County Mayor of Viken
- In office 1 January 2020 – 11 December 2023
- Deputy: Kathy Lie Camilla Sørensen Eidsvold
- Cabinet chair: Tonje Brenna Siv Henriette Jacobsen
- Preceded by: Himself, as county mayor of Buskerud
- Succeeded by: Thomas Sjøvold (Akershus) Tore Opdal Hansen (Buskerud) Sindre Martinsen-Evje (Østfold)

County Mayor of Buskerud
- In office 20 October 2015 – 31 December 2019
- Preceded by: Morten Eriksrød
- Succeeded by: Himself, as county mayor of Viken
- In office 9 October 2007 – October 2011
- Deputy: Runolv Stegane
- Preceded by: Tor Ottar Karlsen
- Succeeded by: Morten Eriksrød

Deputy Member of the Storting
- In office 1 October 1989 – 30 September 1993
- Constituency: Buskerud

Personal details
- Born: 16 April 1952 (age 72) Kirkenes, Finnmark, Norway
- Political party: Labour
- Children: 2

= Roger Ryberg =

Norwegian politician (born 1952)

Roger Ryberg (born 16 April 1952 in Kirkenes) is a Norwegian politician for the Labour Party. He served as county mayor of Viken from 2020 to 2023. He previously served as county mayor of Buskerud from 2007 to 2011 and again from 2015 to 2019.

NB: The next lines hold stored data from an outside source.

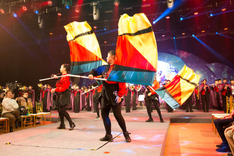 罗店中学管乐团、高境一中管乐团这两个市级乐团献演了《朝着新的地平线》、《梦幻童年》,管乐团恢宏的气势、精彩的演奏令人赞叹。高境一中还尝试在演奏中加入了旗舞和行进表演,极大提升了节目的精彩程度。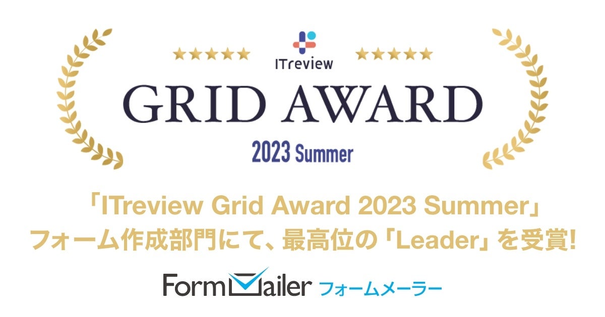 クラウド型フォーム作成サービス「フォームメーラー」が「ITreview Grid Award 2023 Summer」で最高位・Leaderを5期連続受賞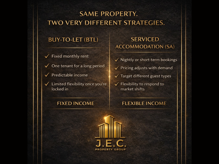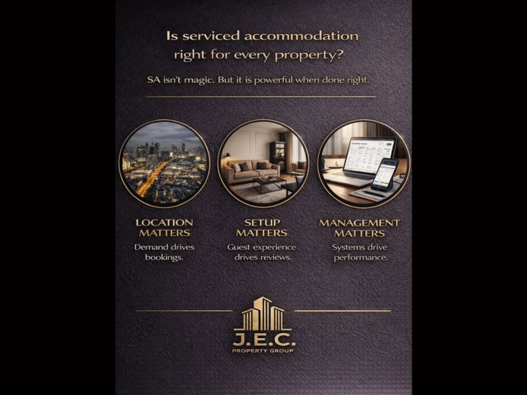 JEC Property Group is a forward-thinking property company specialising in hands-on property management, serviced accommodation, and property transformation. With a strong emphasis on professionalism, reliability, and care, the business works closely with landlords to turn property assets into consistently performing investments, while also creating high-quality, comfortable spaces for corporate clients and contractors.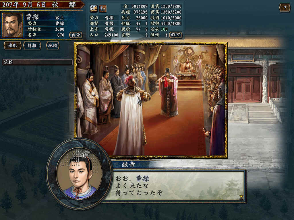 用207年剧本;发生袁尚被灭;程显计策使得老曹绑架徐庶老母;河北统一;获得官爵公!曹操必须首都在邺;城市规模为大;治安100;走进农地发生!
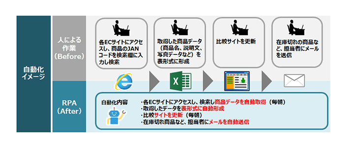 - 同社が運営する消費者向けECサイト比較サービスの日々の更新作業を自動化
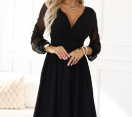 This elegant black midi dress from the Attitude is a Choice brand is a model created for women who appreciate timeless style and perfect fit. The wrap neckline beautifully accentuates the bust line, while the slightly flared bottom adds lightness and natural elegance to the silhouette. Transparent tulle sleeves give the whole a refined character, delicately balancing between classic and modern. The dress is perfect for weddings, communions, baptisms, dinners, dates, family celebrations, New Year’s Eve or a business outing. It is the perfect choice if you want to look elegant, feminine and feel comfortable all day long. Add it to your cart and create a styling in which you will feel more confident. Made in Poland.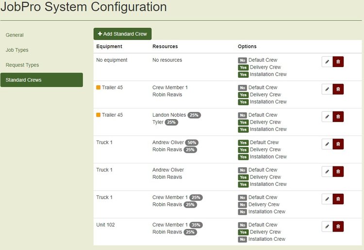Update: The display on the Standard Crews page has been enhanced to be more horizontal than vertical to assist in readability and the ability to navigate between crews.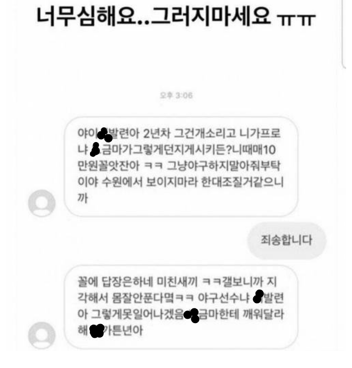 선수들이 도박꾼에게 받는 욕설 수위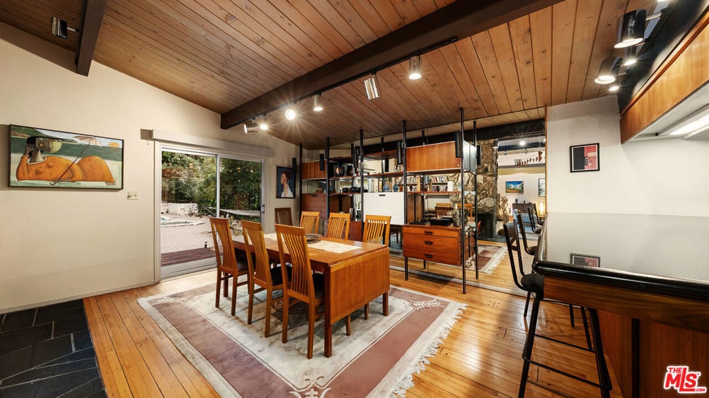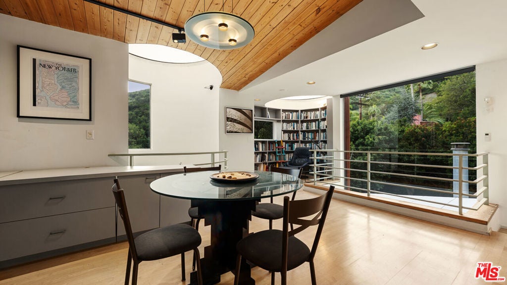 A quintessential Mid-Century Modern retreat, privately sited within the tranquil canyon setting of Brentwood's coveted Upper Mandeville Canyon, this architectural residence, originally built in 1957 and thoughtfully reimagined in collaboration with renowned architect Richard Dodson, A.I.A., embodies the era's ethos of simplicity, functionality, and harmony with nature on an 18,078 square foot lot. A dramatic post-and-beam entry introduces soaring vaulted ceilings, exposed wood structure, a sculptural stone fireplace, and expansive walls of glass, dissolving the boundary between interior and exterior while framing serene canyon vistas. Clean lines, organic materials, and an open, flowing floor plan create a timeless modernist sensibility throughout. The main living spaces unfold effortlessly, anchored by a formal dining area with a fireplace that transitions into a thoughtfully designed kitchen featuring a generous center island, sleek cabinetry, and a sun-drenched breakfast banquette, an inviting nod to classic mid-century design. The adjoining family room, complete with a third fireplace, custom built-ins, and integrated media, is enveloped in natural light and oriented toward the surrounding landscape. The primary suite serves as a private, resort-like sanctuary, with direct access to the pool and gardens and a spa-inspired bath illuminated by skylights, offering dual vanities, a soaking tub, and a frameless glass shower. An adjoining office or multi-use room enhances the suite's functionality, while two additional bedrooms and a full bath complete the main level. Upstairs, a glass-wrapped pavilion floats among the treetops, offering sweeping canyon views and remarkable versatility as an additional bedroom suite, creative studio, or media retreat, complete with an additional upstairs full bathroom. A separate library with skylight and private balcony further embraces the home's connection to light, air, and landscape. Designed for seamless indoor-outdoor living, the grounds feature a solar-heated pool, curated landscaping, and multiple spaces for relaxation and entertaining. Additional amenities include a guest powder room, dedicated laundry, and multi-zone HVAC. A rare offering that captures the spirit of mid-century modern architecture, where form meets function and every space is in dialogue with its natural surroundings, just moments from the best of the Westside.
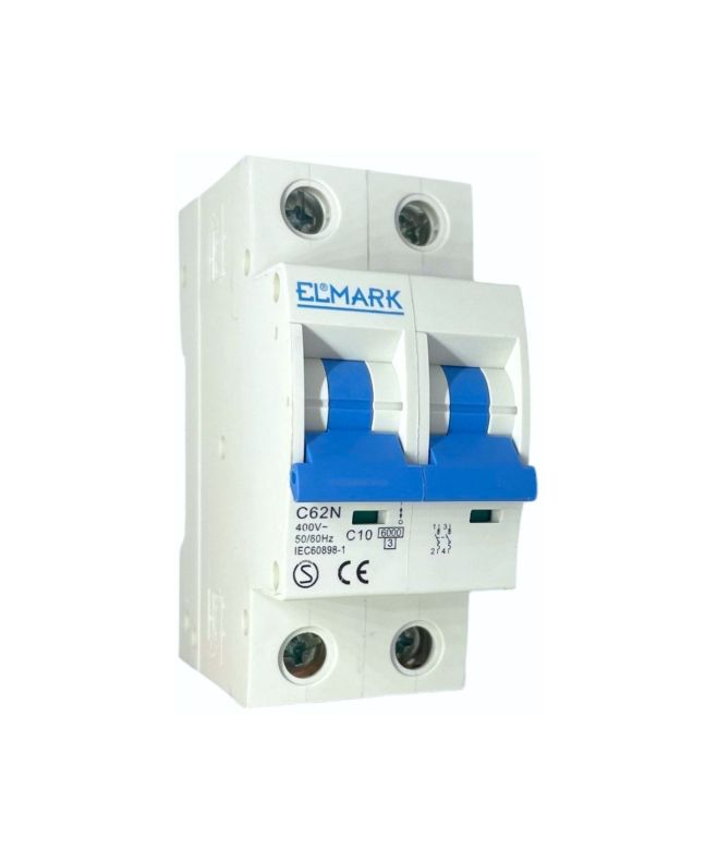 Magnetotermico 2 Moduli 2P 10A 6kA Curva C - Elmark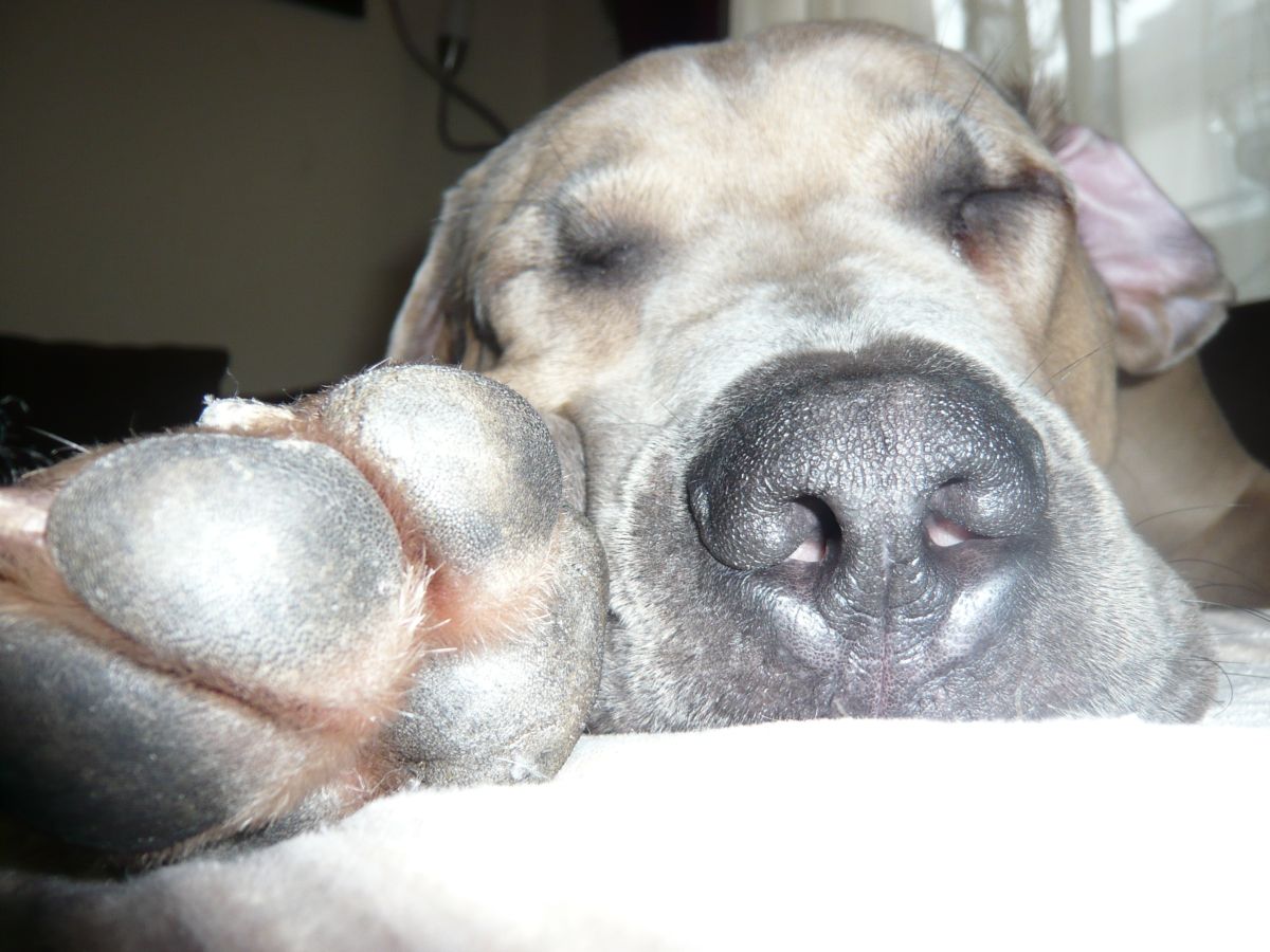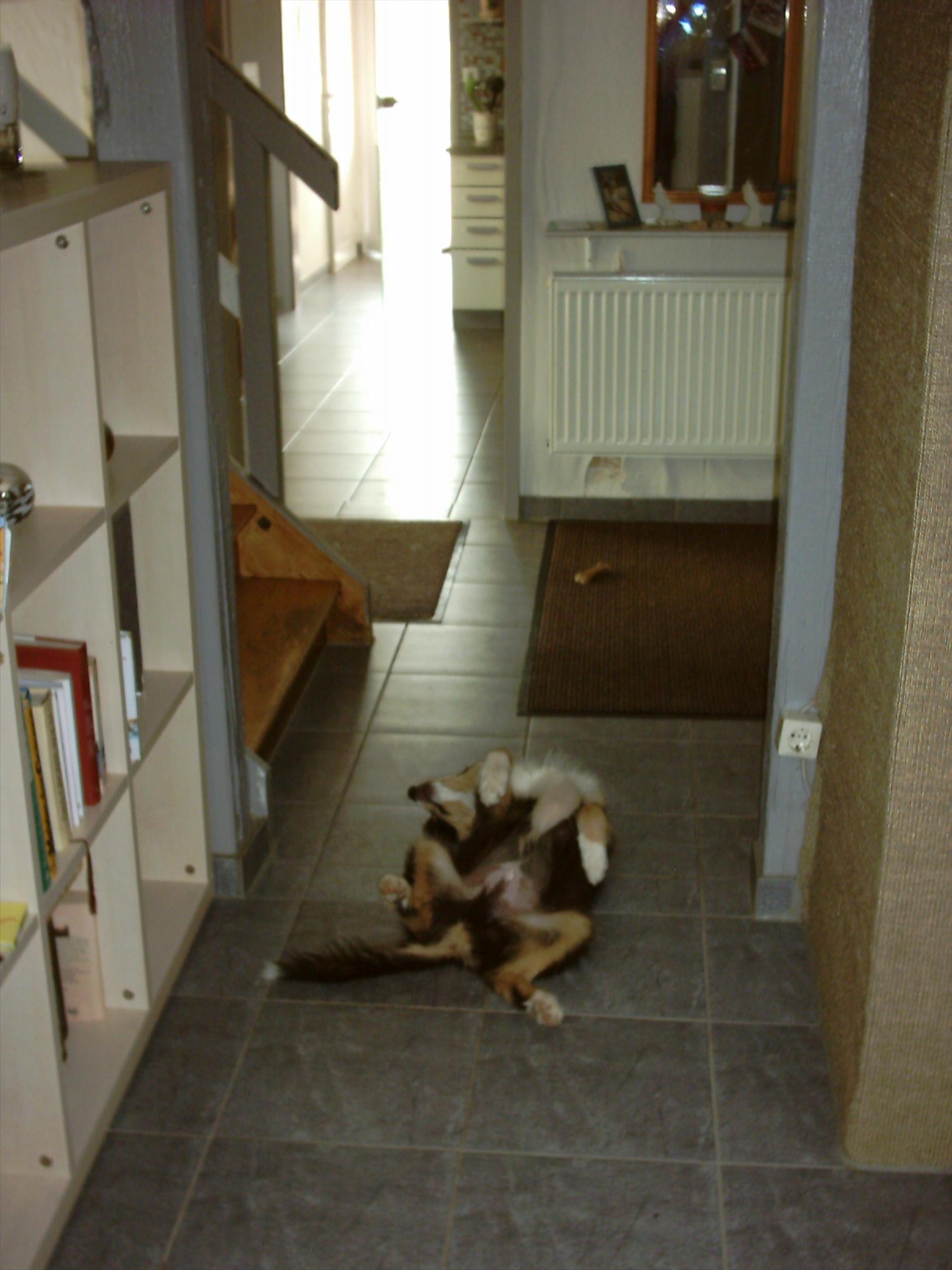 Oft legt sie sich auch ganz auf die Seite. Sie schnarcht nie und rollt sich auch nur ganz, ganz selten zusammen. Wenn sie träumt, dann zucken erst die Pfoten, irgendwann läuft sie zaghaft und dann kommt schließlich ein unheimlich süßes Wuffen dazu, von dem sie dann allerdings meist wach wird.

Following the 2007 election, Ryberg became the new county mayor (fylkesordfører) of Buskerud. Behind him was a coalition of the Labour Party, the Socialist Left Party, the Centre Party and the Liberal Party, who kept the right-wing candidate Mette Lund Stake at bay with 22 versus 21 votes in the county council. Before being elected county mayor, Ryberg had been mayor of Hurum municipality. He also served as a deputy representative to the Parliament of Norway from Buskerud during the term 1989-1993.

Following the 2019 Norwegian local election, he was elected as the county mayor of the newly established Viken county.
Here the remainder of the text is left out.